Every parent, sooner or later, hears from his child inventions, stories, deceit, and sometimes outright lies. Often, such behavior of an obedient and exemplary child confuses adults, forcing them to painfully look for gaps in their upbringing.
Psychologists say that children’s lies are a period through which every child must pass, a kind of one of the stages of his development. And although sometimes it seems to parents that their child is lying for no reason at all, this is not at all the case.
We will tell you how to understand why your child is lying and how to act in such situations correctly.
In childhood, the brain of a child is actively being formed, but, of course, inferior to an adult in development. Sometimes children are simply not able to grasp the causal relationships of one or another of their actions.
At a time when they are lying, it seems to them that the benefits of lies far outweigh the risk of being exposed. And the consequences of such an act do not even occur to them: after all, no one will ever know that they have told a lie.
And when a child says he did his homework, while he didn’t even open textbooks, it seems to him that this is an easy way to enjoy a favorite cartoon instead of doing boring homework.
No one likes to admit that he is wrong. And children are no exception.
In truth, not all adults manage to remain honest when it comes to the collapse of plans and hopes. The child’s self-esteem is no less, and perhaps even more vulnerable. This is especially true of guys who make more mistakes than their peers.
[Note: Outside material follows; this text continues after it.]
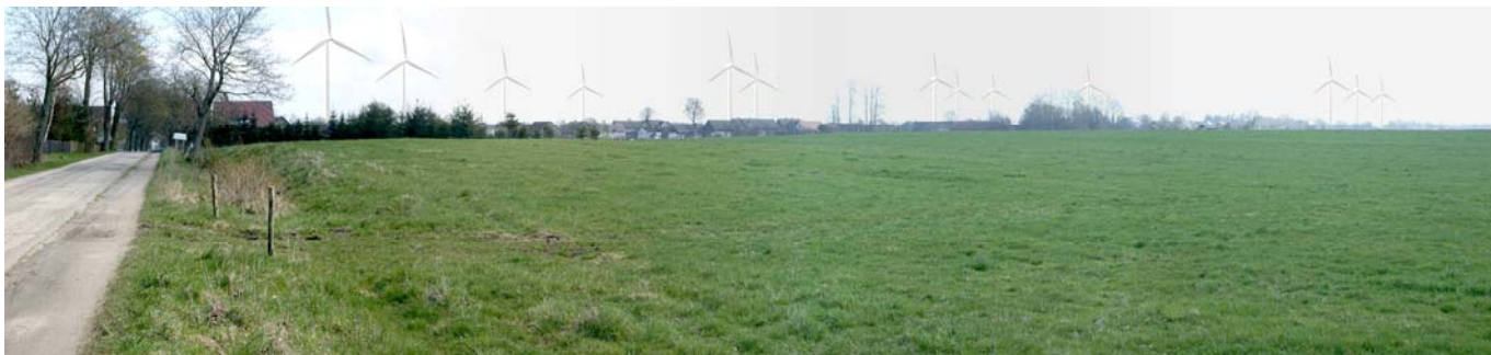
Fot. 4. Wizualizacja elektrowni wiatrowych zlokalizowanych w okolicach miejscowości Dobiesław. Widok w kierunku Dobiesławia z drogi powiatowej Nr 0388 Z relacji Biolkowo - Jeżyczki. 11

Wpływ planowanych elektrowni wiatrowych na krajobraz został szczegółowo zbadany na etapie zmiany studium uwarunkowań i kierunków zagospodarowania przestrzennego gminy, z którego to dokumentu pochodzi powyższa wizualizacja.

If a child accuses his younger sister of having broken a plate (and she certainly did not do this), he is most likely just trying to avoid parental disapproval and frustration.
Everything in life depends on our perception. Often, even adults find themselves in a situation where they think that they have done something, but in fact have forgotten it. Especially when it comes to everyday worries or some long-planned business.
Children, whose short-term memory is not as well developed as in adults, have the ability to get into such situations more often. “Yes, mom, I fed the dog!”, Says your child and looks at you with honest eyes. In this situation, the child’s lies are hardly deliberate.
If feeding the animal is part of the daily duties of the baby, he could simply be confused today with any other.
Always thank the child if he confessed to something. Even if what he has done causes fury!
It is important to show the child that, however, heard from him is important for parents. From time to time, mom and dad may have to compromise with their own educational principles and forgive mistakes as a reward for honesty.
Of course, this is not a guide to action in any situation. But if a child, despite everything, confessed to misconduct, it would be right to encourage him, replacing, for example, the punishment with a warning.
Be a good example
Children take their cue from their parents much more often than adults realize this. Do not want to hear the truth from the child – do not tell her yourself. Parents often make promises that they forget or do not have time to fulfill.
And sometimes they tell a lie to save, or they make up fiction when they cannot explain something. Is it any wonder that your child begins to take a lie for granted?
Let your child learn honesty using the example of parents instead of punishment for offenses that you could easily commit yourself.